Toyota had a far better strategy for its business survival working on developing low emission, fuel efficient cars years before they became generally popular. The initial decision to invest in these new technologies had to have been at least in part driven by the desire to benefit the environment: there was certainly no compelling commercial reason at the time the decisions were made.
Similar debates also surround investments in CSR. Statistically, organisations that embrace CSR consistently do better than those that don’t; what is not so clear is if this measured improvement in performance is a result of investing in CSR or if the internal factors that create a sustained level of improved performance also predispose the organisation to CSR. Either way, the ‘good guys’ do consistently win!
In support of the long term
I may be biased but my feeling is the touchstone that facilitates an effective focus on long-term sustainability, CSR and excellence in client services is the way organisations engage with their stakeholder community. A genuine engagement means caring about the other party and looking after their interests as well as your own. This is a two-way street and underpins customer loyalty, brand image and long-term sustainable growth.

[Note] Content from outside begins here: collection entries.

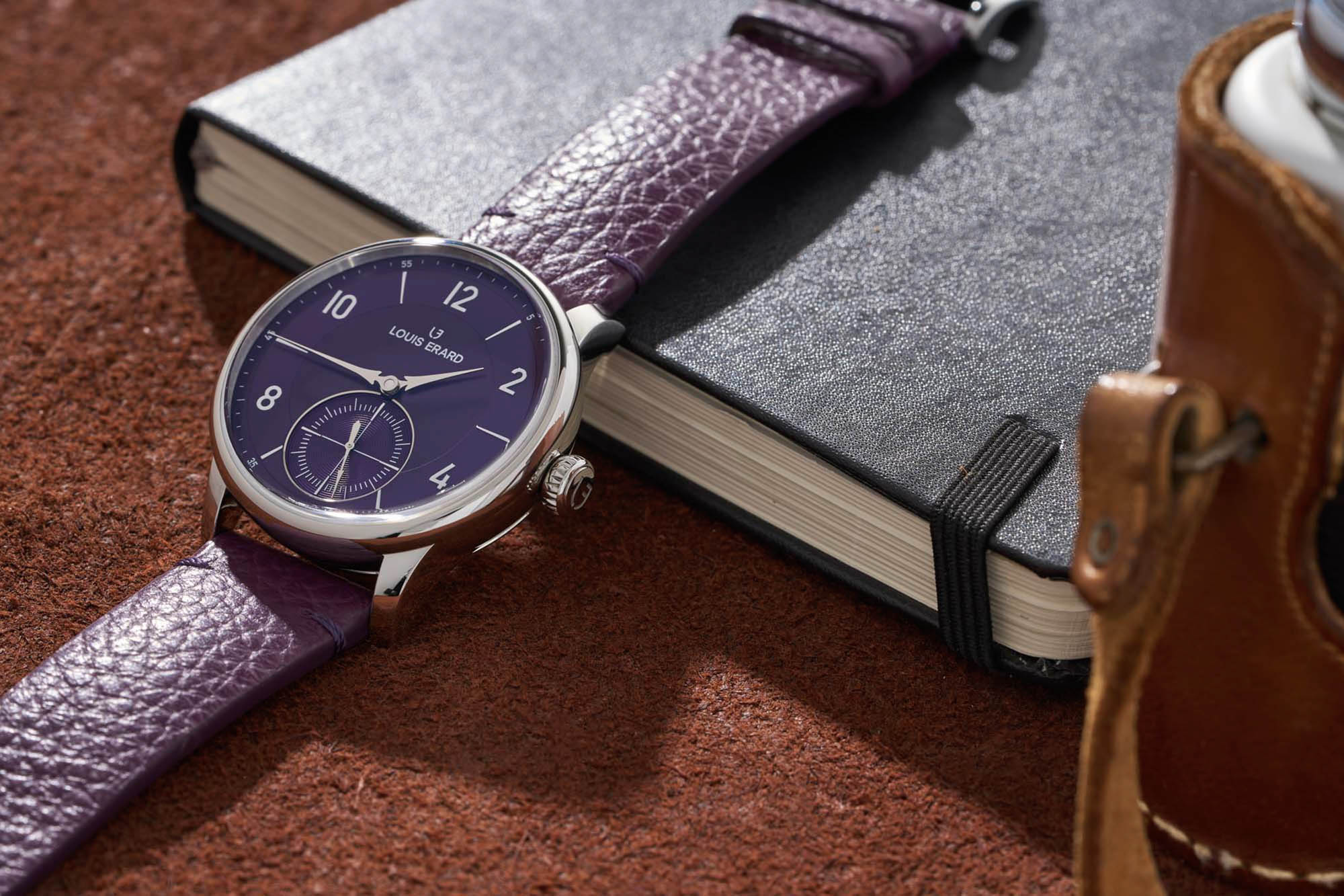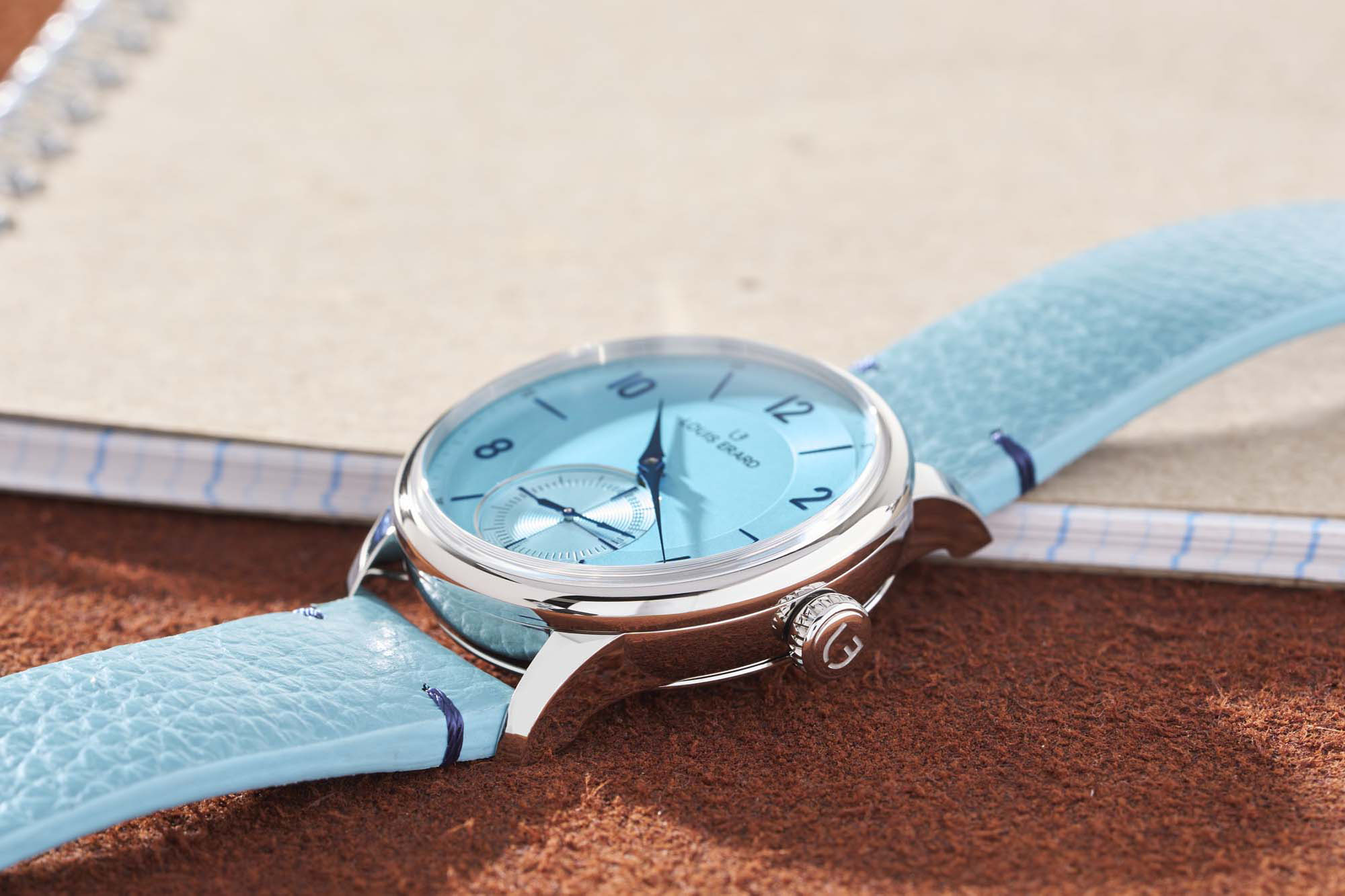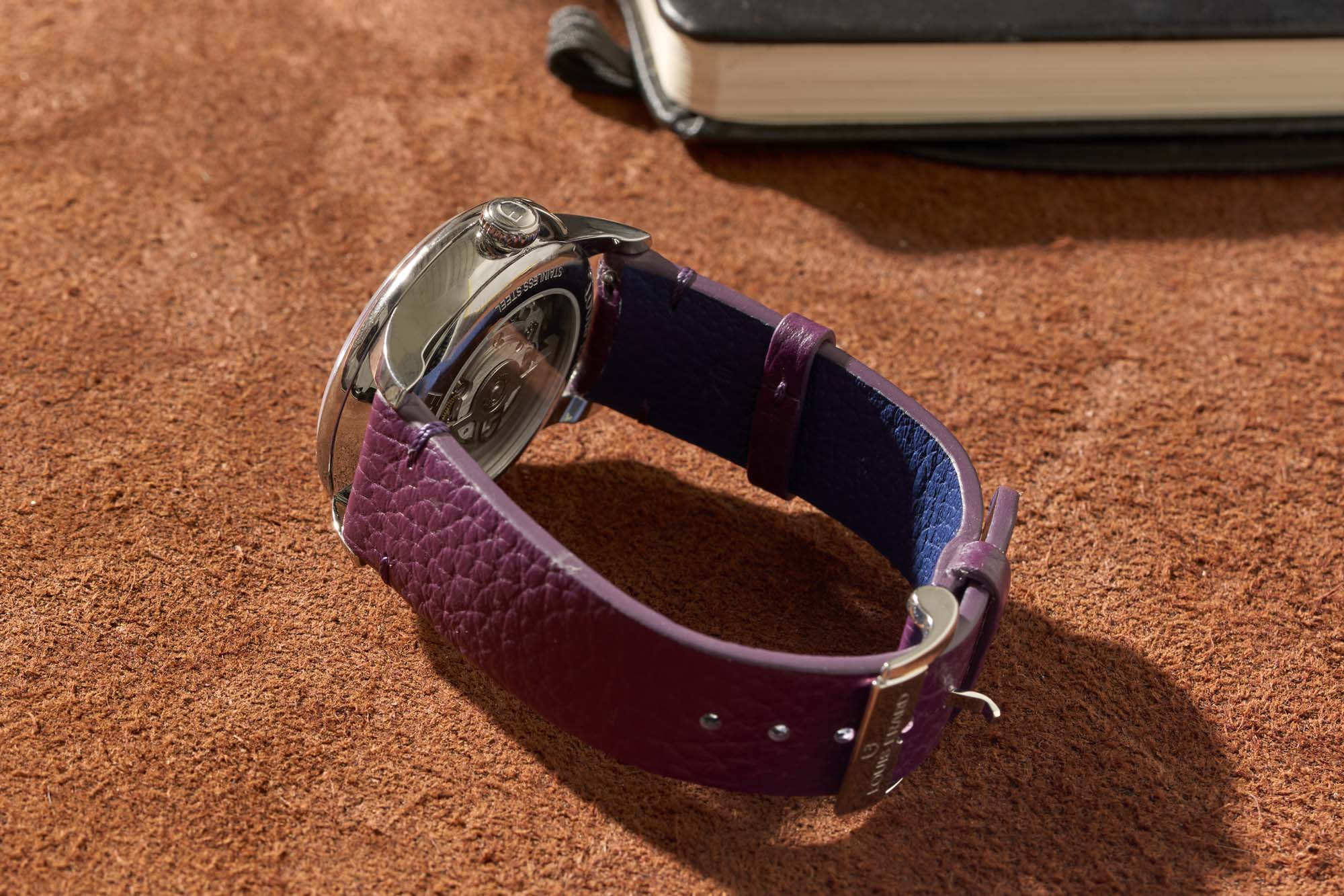 The Excellence Petite Secondes is available in four standout colors: Glacier Blue, Violet, Night Blue, and Terra Cotta. Glacier Blue is bright and energetic. Paired with blued numerals and hands, it’s an icey vision. Violet is exotic and unexpected, a vibrant purple for those who want to stand out. Night Blue is handsome and mysterious, a classic and versatile combination. Terracotta, which rides the line between “Salmon” and an earthier tone, is rich and welcoming. The color is complemented with dark numerals and hands. All versions feature 20mm leather straps in coordinated colors.
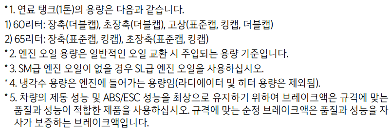 * 2. 엔진 오일 용량은 일반적인 오일 교환 시 주입되는 용량 기준입니다.
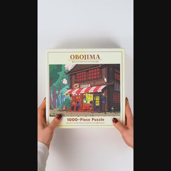 This 1000 piece puzzle features high-quality pieces and features beautiful art straight from Obojima: Tales from the Tall Grass made by the artist Alexander Cloos.
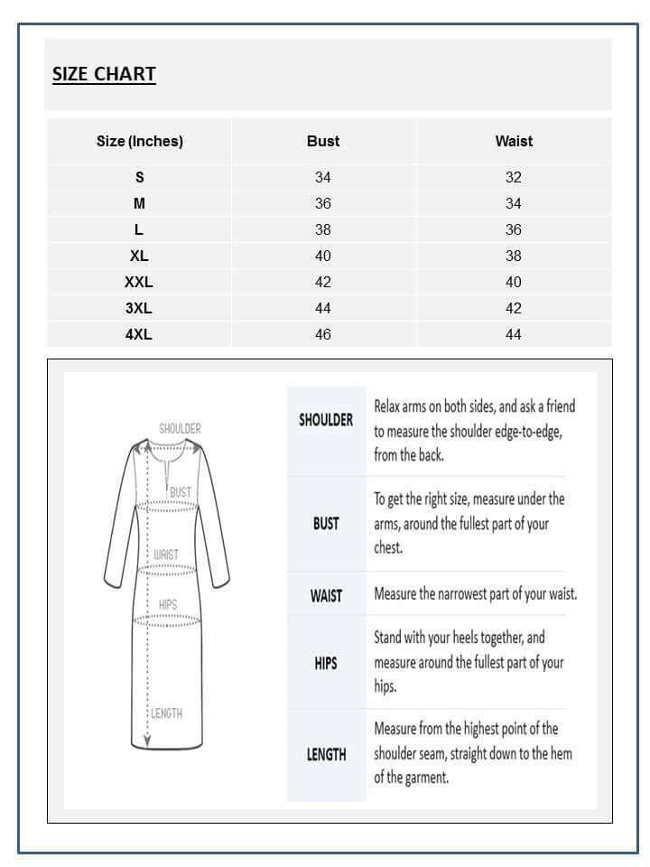 Size; Kurti: XS-34, S-36, M-38, L-40, XL-42, XXL-44, XXXL-46, Bottom: Free Size (Upto 44),
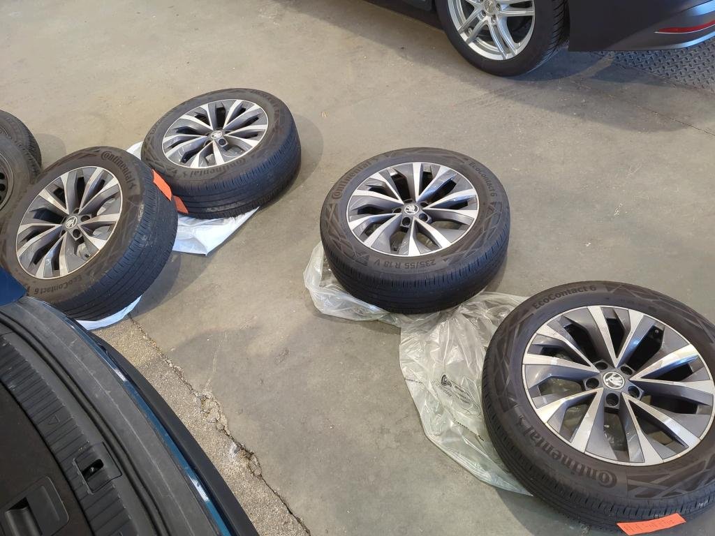 4x letné pneumatiky na diskoch, uložené vo vozidle.
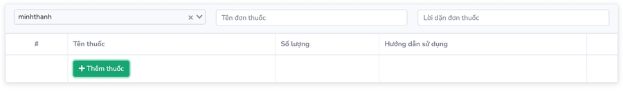 Tại mục chẩn đoán và điều trị, click chuột vào '' thêm đơn thuốc'' để tạo đơn thuốc
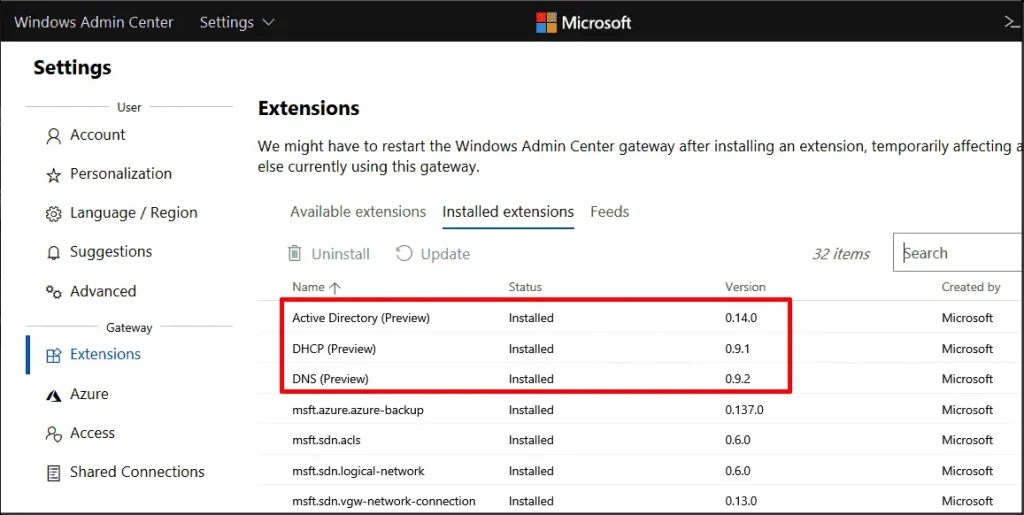 — После установки расширения перезагрузить службу шлюза Admin Center (ServerManagementGateway).
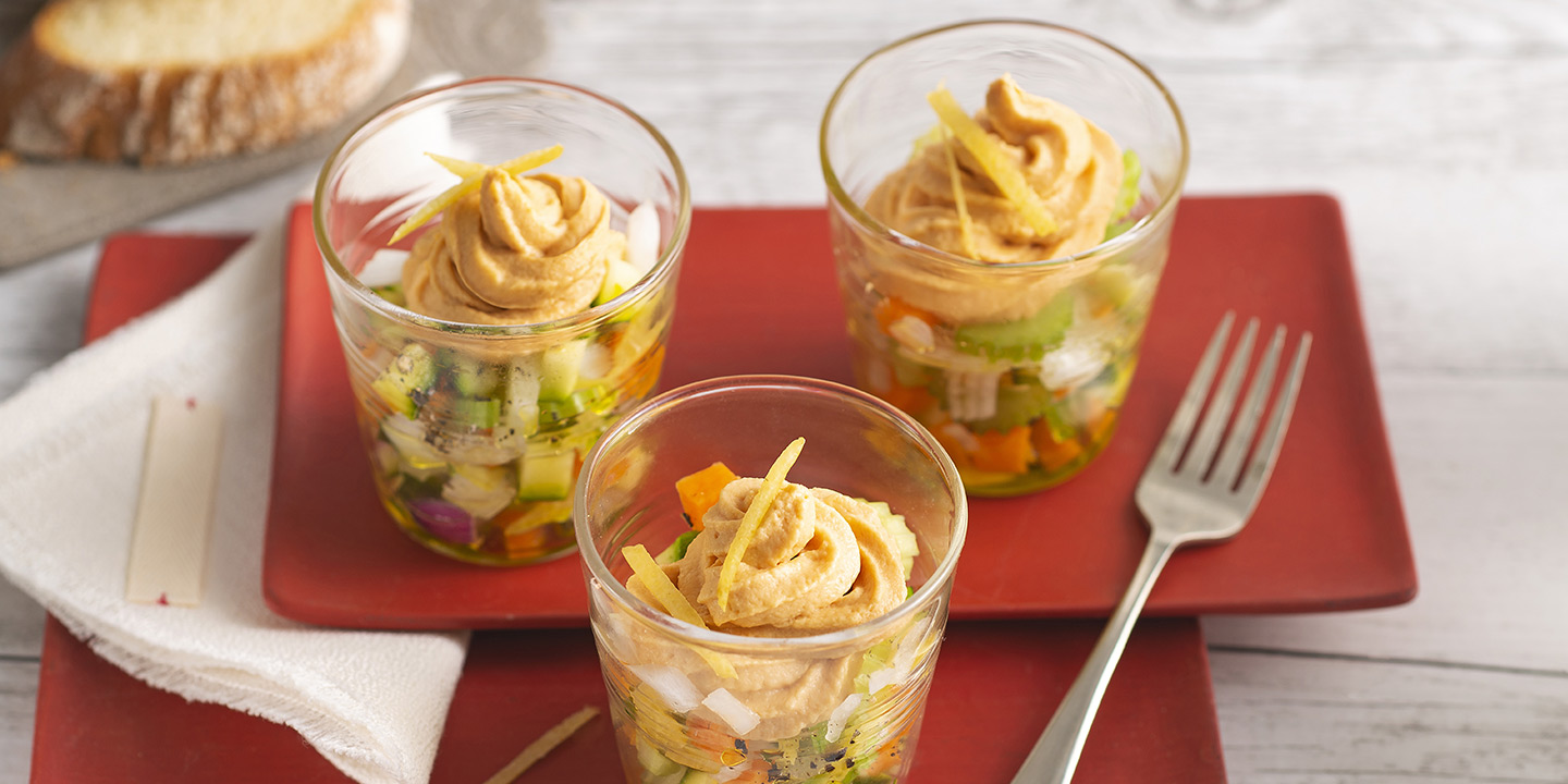Mini tartare of crunchy vegetable with Rio Mare Pâté Pink Salmon
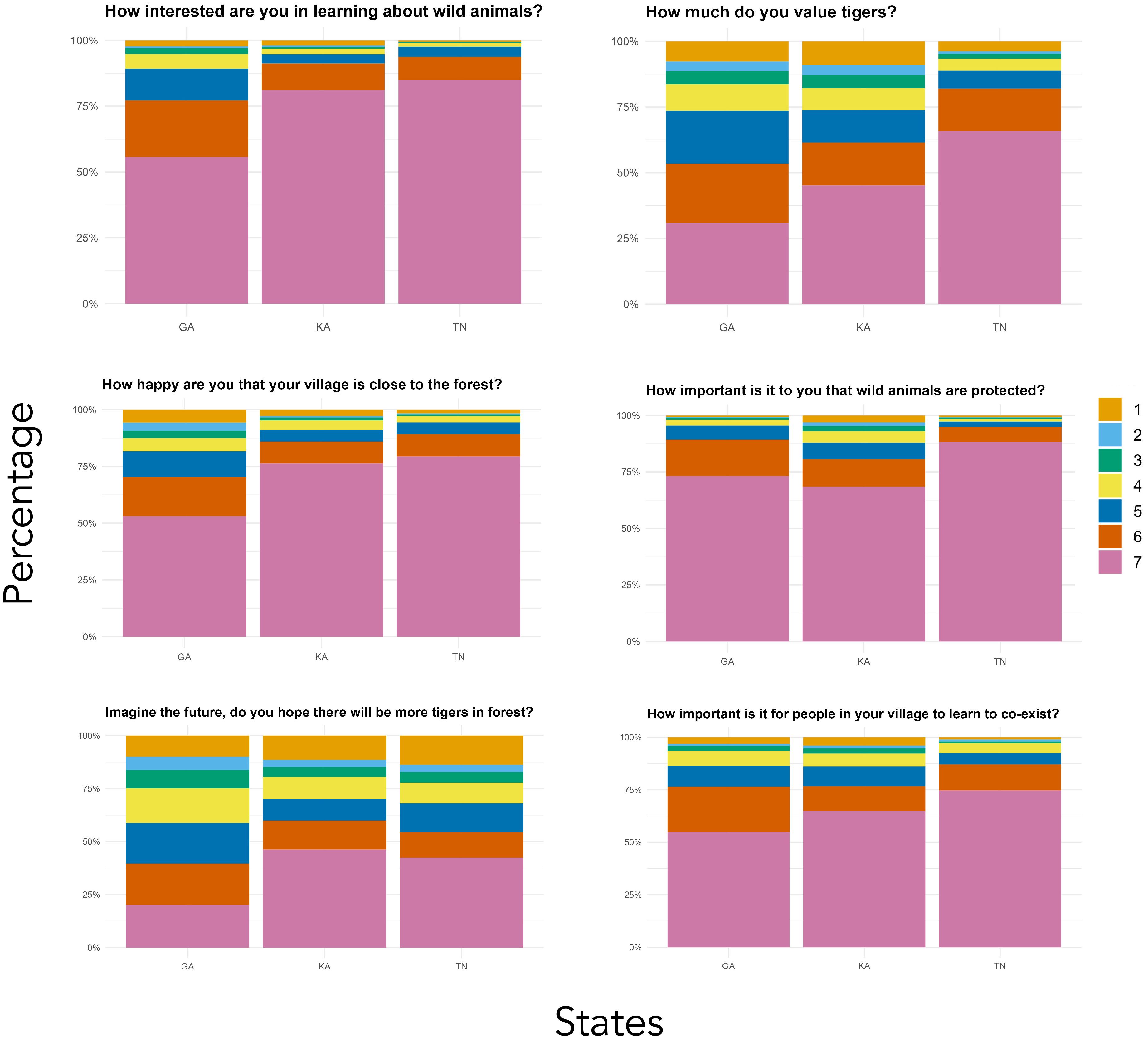 Overall, we found that Karnataka and Tamil Nadu seemed to have a more positive baseline attitude towards wildlife in general compared to Goa (Figure 3; Table 1; Supplementary Table S1). This was more pronounced in questions such as “How interested are you in learning about wild animals”, “How happy are you that your village is close to the forest?”, “How much do you value/appreciate tigers?” and “Imagine the future, do you hope there will be more tigers in the forest?”. For example, for the question, “How interested are you in learning about wild animals”, more than 75% students responded with 7 (most positive response) on the Likert scale in Karnataka and Tamil Nadu, whereas only about 55% students responded with 7 in Goa. Similarly for the question, “How much do you value tigers?”, only about 25% students from Goa responded with 7 on Likert scale while this was about 45% for Karnataka and 65% for Tamil Nadu. These findings align with the regression coefficients, which showed significantly higher odds of more positive responses in Karnataka and Tamil Nadu compared to Goa (Table 1; Supplementary Table S1). Students in Tamil Nadu had exceptionally positive responses to two questions with about 80% students responding with 7 for the question, “How interested are you in learning about wild animals” and about 65% students responding with a very positive 7 for the question “How much do you value tigers?”, where students from Karnataka also had only 45% respond with 7 (Figure 3; Tables 1, S1).

Developing a mature, balanced and pragmatic approach to stakeholder relationships is hard work but this investment seems to be the underpinning needed to allow the optimum balancing of competing demands and opportunities, leading to the practical decision-making needed to create the long-term, sustained growth identified above.
Achieving the level of maturity needed to effectively engage with an organisation’s stakeholders to the benefit of everyone has to be driven from within the organisation’s culture. But simply wanting to ‘do good by doing good’ is not enough! The desire to engage effectively with your stakeholders needs to be backed up by hard work. There is a maturity ladder to climb. Download the Stakeholder Relationship Maturity Model for free here.
A final ‘chicken and egg’ conundrum: changing behaviour will change attitudes and culture, but you need a desire that is embedded in culture to start on a journey of improvement. Beginning the improvement is the hardest bit of any change initiative.